Comment se fait-il que la religion conduise fréquemment à la violence? Comment pouvons-nous comprendre et contrer ce mélange explosif, qu’il s’agisse de violence d’inspiration religieuse, de violence envers des personnes croyantes ou de violence au sein des groupes religieux?

Le Comité central du Conseil œcuménique des Églises (COE) réuni à Trondheim, en Norvège, s’est penché sur ces questions pendant une séance plénière, le 26 juin 2016. Intitulée «La religion: chemin de la guerre ou voie de la paix», elle s’est appuyée sur des analyses des aspects géopolitiques, interreligieux et théologiques de la religion et de la violence, dans une optique d’élaboration des politiques.

Le président de séance, l’évêque Mark McDonald de l’Église anglicane du Canada, président du COE pour l’Amérique du Nord, a demandé aux participantes et aux participants d’écouter une voie œcuménique constructive qui abordait la question sous l’angle des programmes de son Pèlerinage de justice et de paix.

Les causes de la violence

M. Sathianathan Clarke de l’Église de l’Inde du Sud, qui enseigne la théologie, la culture et la mission au Séminaire théologique Wesley de Washington, a évoqué en termes vifs la consternation et la lutte des théologiens contre le phénomène de la religion et de la violence.

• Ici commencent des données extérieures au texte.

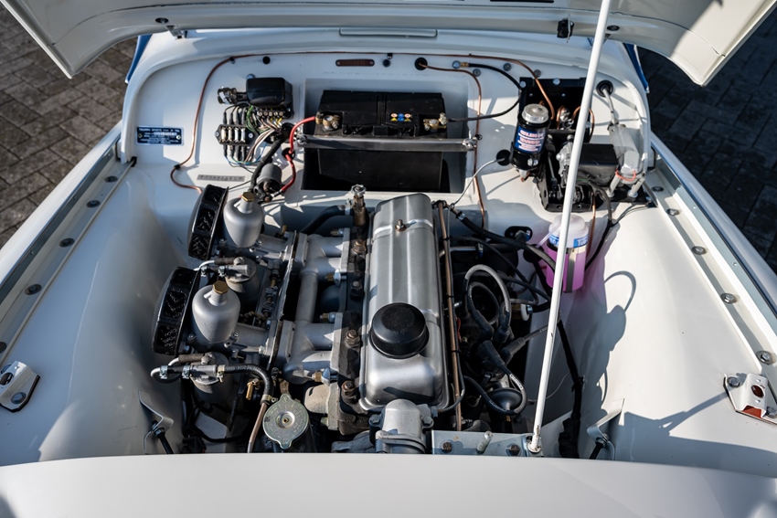 Puur Brits rijplezier, strak als nieuw en met de juiste upgrades. Deze Triumph TR3A uit 1959 is compleet gerestaureerd tot absolute nieuwstaat met perfecte paneelpassingen—precies zoals je het wilt zien bij een top-exemplaar.

«Ceux qui remontent l’Histoire savent que les liens entre la religion et la violence ne datent pas d’hier. Mais l’ampleur et l’intensité des actes de violence auxquels les religions sont associées portent déjà gravement atteinte à notre bien-être commun, a déclaré Clarke. Les fondamentalismes et les extrémismes religieux sont dangereusement à l’œuvre dans des lieux clés du monde, se transformant en un cocktail d’expressions locales violentes.»

«La violence au nom de Dieu ne peut pas être la volonté ou l’œuvre de Dieu. C’est pourtant la malédiction qui nous entoure. Et nous qui connaissons et servons Dieu devons intervenir pour lutter contre cette propension à la destruction et restreindre cette propagation de la mort.»

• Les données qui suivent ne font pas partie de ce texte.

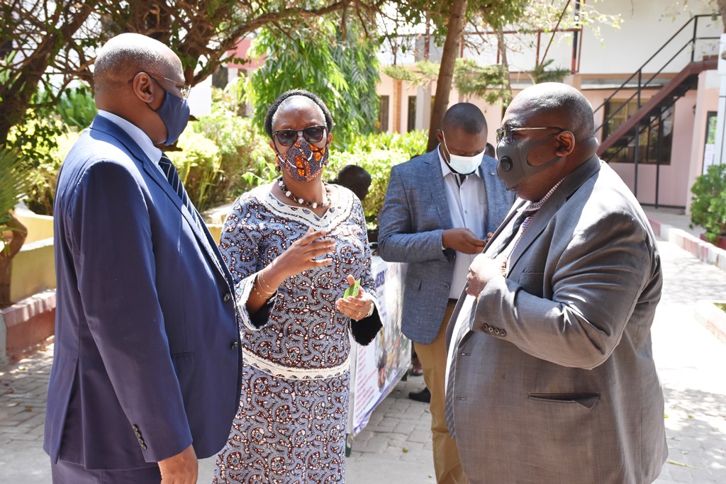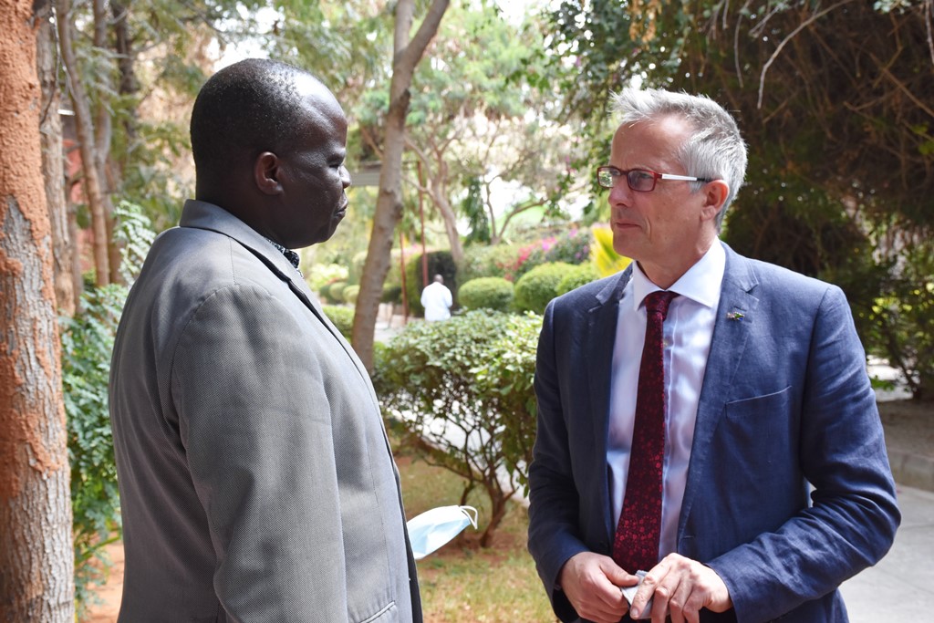 Balozi wa Uingereza nchini Mhe. David Concar akizungumza na Bw. Richard Muyungi ambaye ni Mjumbe wa Green Climate Fund kwa niaba ya Afrika, kuhusu Maandalizi ya Mkutano wa Glasgow hasa matarajio ya Afrika na Tanzania katika Mkutano huo kuhusu upatikanaji wa fedha za kukabiliana na mabadiliko ya Tabianchi.

Géopolitique et autocritique en conscience

L’ambassadeur Knut Volleback, ancien ministre des Affaires étrangères de Norvège et membre de la Commission des Églises pour les affaires internationales (CEAI), a rappelé que le christianisme avait vu le jour dans le maelström de violence de l’Antiquité, avant de mettre en garde son auditoire: «Bien qu’il soit gratifiant aujourd’hui d’apprendre que les organisations internationales et l’ONU désirent collaborer davantage avec des organisations d’inspiration religieuse, ce nouvel intérêt ne vient pas d’une longue expérience de l’utilité des dirigeants religieux pour résoudre les conflits et juguler la violence dans la sphère politique mondiale. Il vient au contraire de ce que la religion sert de couverture au terrorisme qui hante le monde aujourd’hui.»

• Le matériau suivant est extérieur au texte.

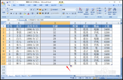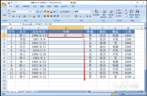 注重:若是你的表格“出生日期”是在其他列,好比:D列第3行,那么就把C2改当作D3,输入格局为“=(TODAY()-D3)/365"
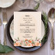 Orange pink peach florals arch wedding menu card
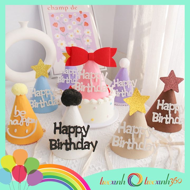 Nón chóp sinh nhật bằng vải nỉ Chất liệu: vải nỉ. Kiểu dáng: nón chópKích thước: 18 x 12 cm.Màu sắc: tùy chọn.Cài thành nón chóp và tùy chỉnh dây để đội vừa đầu và khuôn mặt. Nón sinh nhật là ph...

D’ailleurs, continue-t-il, «dans un forum comme celui-ci, il est fondamental de faire notre examen de conscience entre nous au lieu d’accuser quelqu’un d’autre. Comment éviter que l’Afrique centrale ne répète ce qui s’est produit au Rwanda, lorsque les églises se transformaient en scènes de massacre, et que les prêtres et les pasteurs participaient au génocide? […] Que peuvent faire les Églises pour prévenir les conflits, jeter des ponts et dire aux autorités de cesser leurs abus de pouvoir?»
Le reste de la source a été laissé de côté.